Je me suis alors lamentablement jeté sur mon lit, croisant les bras derrière ma tête, regardant le plafond en pensant que j'allais trouver là, les réponses à des questions existentielles. Ce ne fut pas le cas. Tout ce que j'ai trouvé c'est une fissure s'étalant sur une certaine longueur.
Il n'y a pas à dire, c'est une journée de merde.
Rater ses examens. Se faire larguer par sa « copine ». Se faire engueuler par son banquier.
J'ai connu mieux honnêtement, mais j'ai eu pire aussi. Je présume que je n'ai qu'à fermer les yeux, laissant ainsi défiler les heures et voir ainsi ce qui m'attendra la prochaine fois que je les ouvrirai.
« - Bon Antoine...Bouge ton cul. »
À cette heure-ci, il n'y a personne dans le dortoir. Tout le monde est dehors, à l'extérieur, profitant du retour du beau temps. Sortie entre potes, petite virée en mer, camping à la rivière et j'en passe. Le bâtiment était carrément désert et encore cela me paraît être un euphémisme.
Il n'y a pas âme qui vive.
Ce n'est pas plus mal. Je n'aime pas à avoir demandé « pardon » ou « excusez-moi » toutes les dix secondes parce que les couloirs sont bondés. Là, j'ai de la place et je n'ai pas à supporter les conversations habituelles et routinières des gens étalant leurs vies. Bon sang...Qu'est-ce qu'on s'en bat les cacahuètes de savoir si Pierre, Paul ou Jacques a passé la nuit avec telle fille ou s'il est parti en vacances à l'étranger parce que c'est un fils de riche.
« - Quand le chat n'est pas là, les souris dansent, n'est-ce pas ? »
Une voix me surprend, provenant du bout du couloir. Me retournant, j'aperçus Nathan adossé à sa porte de chambre, les bras croisés, un air tout fier.
« - Je n'aime pas danser.
- Tu n'aimes rien de toute façon. Depuis le temps, je suis habitué à ce genre de réponse de ta part. J'ai entendu Marc partir en hurlant de joie...Vous faites encore un échange de copines ?

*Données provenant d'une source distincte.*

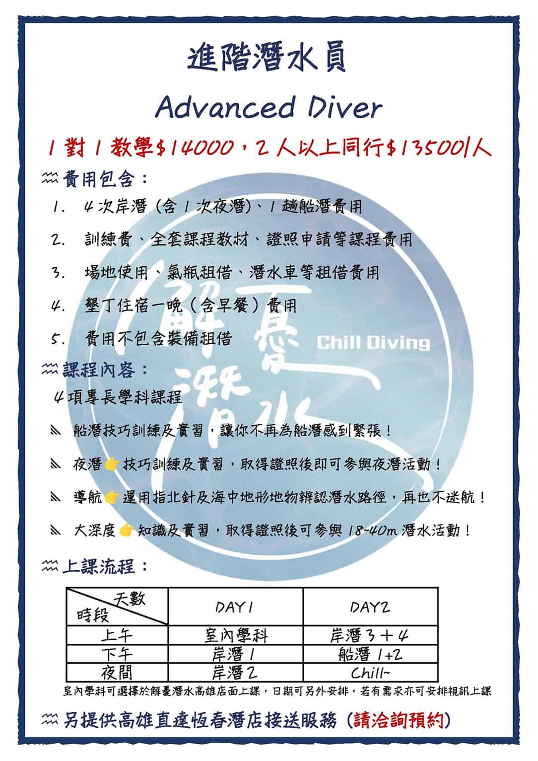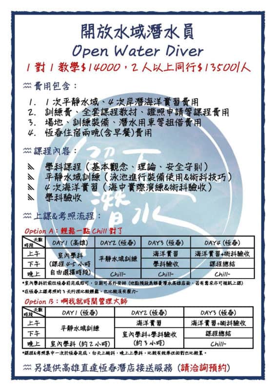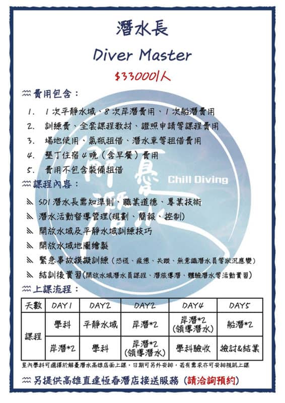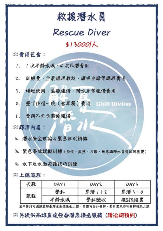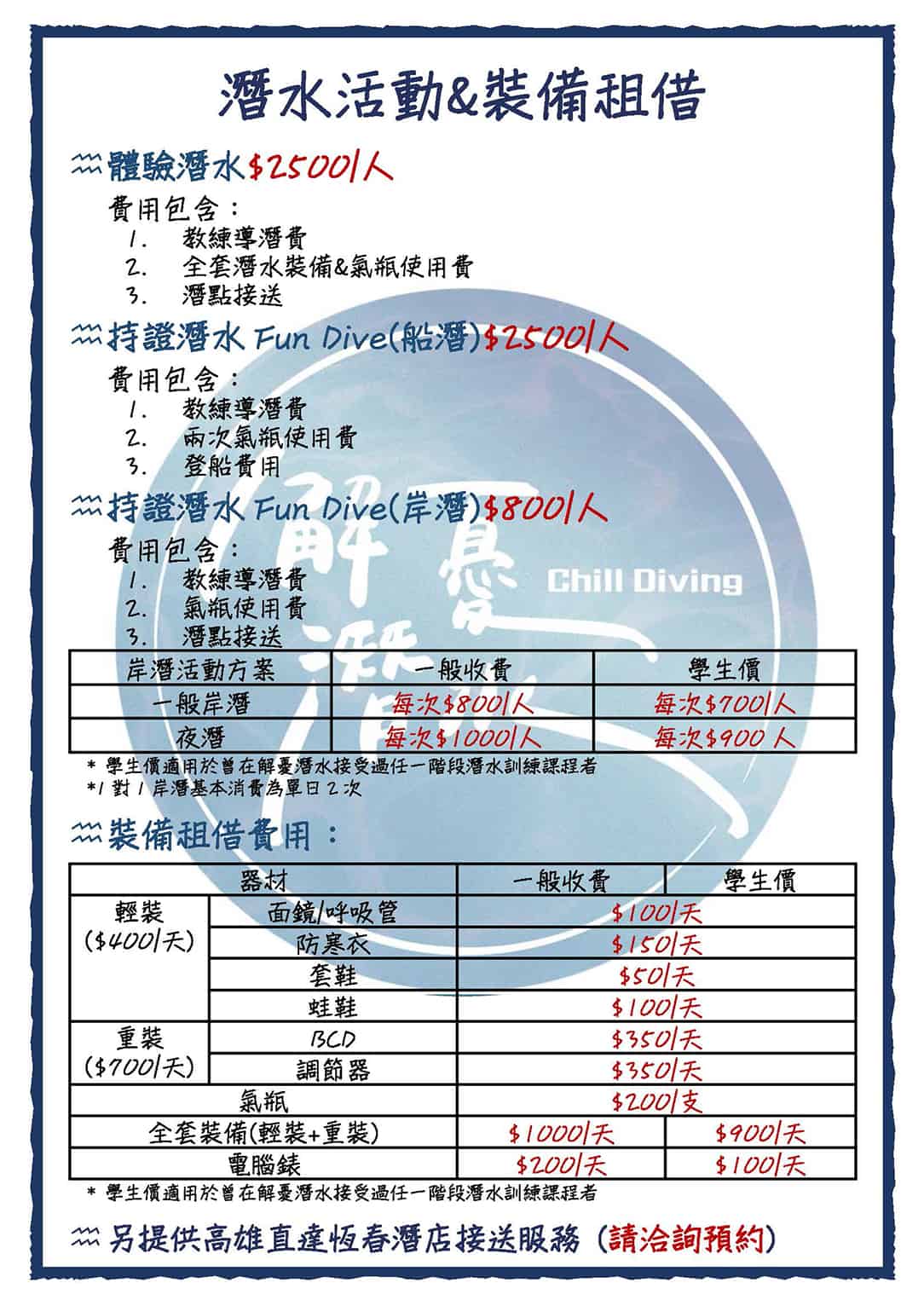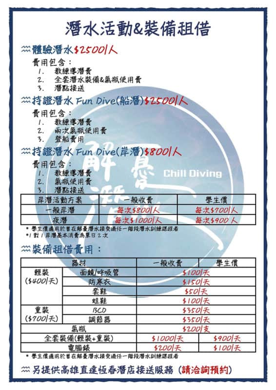 加入LINE聯絡 高雄 恆春 墾丁 潛水|潛水旅遊|水肺潛水| 自由潛水|潛水課程|潛水考照 推薦 立即來電預約 加入LINE聯絡 高雄 潛水|潛水旅遊|水肺潛水|自由潛水|潛水課程|潛水考照 推薦 立即來電預約 加入LINE聯絡 高雄 潛水|潛水旅遊|水肺潛水|自由潛水|潛水課程|潛水考照 推薦 立即來電預約 潛水課程&旅遊 專屬潛水車 學科教室 背包客棧 裝備販售店面 WORK HARD CHILL HARDER 關於我們 解憂潛水Chill Diving 「解憂」”chill”是休閒潛水能夠帶給我們最棒的感受,來海邊潛水chill一下吧!和我們一起解除生活中的一切憂愁! 教練Hao:我喜歡與海洋生物互動、喜歡置身於海底忘卻一切煩惱的感覺,所以我熱愛潛水,更熱衷於將這項最棒的技能傳授給所有喜歡大海的人。 關注我們 FacebookInstagram 主打特色 教練溫和有耐心,不必擔心上課時表現不好而被罵。 配合學生狀況調整教學步調。 不定期主辦各地區的潛水旅遊團,往後潛水不必再四處詢問! 經營理念 水肺潛水在學會基本的技巧和安全原則以後,會是個讓人放鬆又有趣的休閒活動。 給學生最chill最無壓力的學習過程,不必擔心自己在課程中表現不佳而產生壓力。 幫助所有喜歡大海的人,能夠透過良好、輕鬆的學習過程,逐步使潛水成為一個可以長期經營的個人興趣! 主打特色 教練溫和有耐心,不必擔心上課時表現不好而被罵。 配合學生狀況調整教學步調。 不定期主辦各地區的潛水旅遊團,往後潛水不必再四處詢問! 經營理念 水肺潛水在學會基本的技巧和安全原則以後,會是個讓人放鬆又有趣的休閒活動。 給學生最chill最無壓力的學習過程,不必擔心自己在課程中表現不佳而產生壓力。 幫助所有喜歡大海的人,能夠透過良好、輕鬆的學習過程,逐步使潛水成為一個可以長期經營的個人興趣! WORK HARD CHILL HARDER 服務項目 提供SDI國際水肺潛水訓練課程、Fun Diving 持證潛水、體驗潛水、專業潛水品牌裝備販售等服務。不論是對潛水躍躍欲試的朋友、或是專業潛水領域的朋友,都歡迎加入我們一起Chill! 來電洽詢加入LINE聯絡 潛水課程 NT$13,000~33,000 我們提供SDI國際水肺潛水系統各類專業水肺潛水員訓練課程。 堅持授課品質,1位教練最多搭配4位學員。 主要課程包含: Open Water Diver開放水域潛水員、Advanced Diver進階潛水員課程、Rescue Diver救援潛水員、Dive Master潛水長。 另提供單項潛水專長課程,歡迎洽詢預約。 詳情內容請參考「潛水活動&活動價目表」LINE預約去 Fun Diving 持證潛水 NT$700~2,500 具備任一階段開放水域潛水員證照資格,即可報名參加。 岸潛NT$700~1000、船潛NT$2500,包含導潛費、氣瓶使用費、恆春潛店至潛點交通費、船潛登船費。 常駐活動地點為恆春,不定期開辦全台各地、外島、國外潛水旅遊,歡迎揪團報名! 解憂潛水Chill Diving學生享有優惠價。 詳情內容請參考「潛水活動&活動價目表」LINE預約去 體驗潛水 NT$2,500 不具備任何潛水證照嗎?「體驗潛水」是個簡單快速就可以讓您探索海底世界的活動! 堅持體驗品質:1位教練最多搭配2位學員。 不會潛水甚至不會游泳都能輕鬆體驗到水肺潛水的樂趣。 流程包含:下水前的注意事項解說(約20mins)及水下體驗(約40mins)。 詳情內容請參考「潛水活動&活動價目表」LINE預約去 裝備販售 我們經銷多個專業潛水裝備品牌!歡迎來店選購或私訊訂購。 經銷品牌包含Gull、IST、Aqualung、Tusa、Problue、Atmos、Crest...等。 解憂潛水Chill Diving學生享有優惠價。 LINE預約去 WORK HARD CHILL HARDER 潛水課程&活動價目 各階段課程(開放水域潛水員、進階潛水員、救援潛水員、潛水長)以及潛水相關活動(岸潛、船潛、裝備租借)簡章提供參考。 歡迎一起加入Chill Diving!相關疑問歡迎來電或加入LINE洽詢。 來電洽詢加LINE聯絡 開放水域潛水員 Open Water Diver (點圖放大) 進階潛水員 Advanced Diver (點圖放大) 救援潛水員Rescue Diver (點圖放大) 潛水長Dive Master (點圖放大) 潛水活動&裝備租借 (點圖放大) 歡迎關注我們最新動態 FacebookInstagram Chill Diving 解憂潛水 據點介紹 解憂潛水在高雄和恆春都有據點! 高雄據點擁有裝備販售店面、學科教室、背包客棧等設施,也提供預約潛水的朋友高雄至恆春往返接送服務。 恆春據點提供住宿、潛水準備區、庭園休憩交誼區等空間,主要提供潛水訓練以及各項潛水活動所需的設施。 歡迎一起加入Chill Diving!相關疑問歡迎來電或加入LINE洽詢。 來電洽詢加LINE聯絡 專屬潛水車 專屬潛水車 高雄店-背包客房 了解更多住宿 高雄店-背包客房 了解更多住宿 高雄店-學科教室 高雄店-裝備販售 高雄店-裝備販售 Chill Diving 解憂潛水 精彩集錦 「解憂」”chill”是休閒潛水能夠帶給我們最棒的感受,來海邊潛水chill一下吧!和我們一起解除生活中的一切憂愁!相關疑問歡迎來電或加入LINE洽詢。 來電洽詢加LINE聯絡 WORK HARD CHILL HARDER 聯絡我們 Instagram:解憂潛水𝑪𝒉𝒊𝒍𝒍 𝑫𝒊𝒗𝒊𝒏𝒈 Facebook『Chill Diving 解憂潛水』 點擊加入LINE好友 marinehao29@gmail.com 0989-672-336 高雄市三民區大順二路680巷23號 屏東縣恆春鎮大光路107-5號 在 Instagram 查看這則貼文 解憂潛水-𝑯𝒂𝒐(@chilldiving_hao)分享的貼文

- Non, il prend juste mes restes si je puis dire. Faut croire qu'il adore passer derrière moi.
- Ce n'est pas très sympa de dire ça de son pote...
- Ce n'est pas mon pote, c'est mon coloc, rien de plus.
- Pourtant, vous avez l'air de bien vous entendre ?
- Je suis juste un excellent comédien quand je le désire. »
Il se détache de sa porte pour s'approcher vers moi, se mettant presque à quelques mètres.
« - Et avec moi ? Tu joues la comédie aussi ?
- Je n'en sais rien. Je ne sais juste pas comment te prendre. »
À cet instant, il s'écarte, les yeux écarquillés et éclatant de rire.
« - Tu ne sais pas comment me « prendre » ? Intéressant...Ma foi, écoute...Je ne m'attendais pas à ça de ta part Antoine ! Ahahaha !
- Arrête de voir une connotation sexuelle partout, pervers. Si tu as fini, je passe mon chemin.
- Et tu vas où ?
- Qu'est-ce que ça peut te faire ? »
Il hausse les épaules en gardant son sourire amusé et finit par me laisser partir.
Avec Nathan, tout a toujours été différent. Nous avons été longtemps voisins et puis camarades de classe, puis colocataires dans une chambre durant la première année de lycée. Maintenant, il donne pratiquement en face de ma propre chambre et je croise sa sale tête pratiquement tous les jours. Je présume que c'est ce que l'on appelle communément un « ami d'enfance », mais il ne mériterait même pas un tel privilège et un tel siège dans ma hiérarchie amicale.
Nathan, lui, il serait tout en bas. En dessous de la pyramide. Sous le tapis avec la poussière.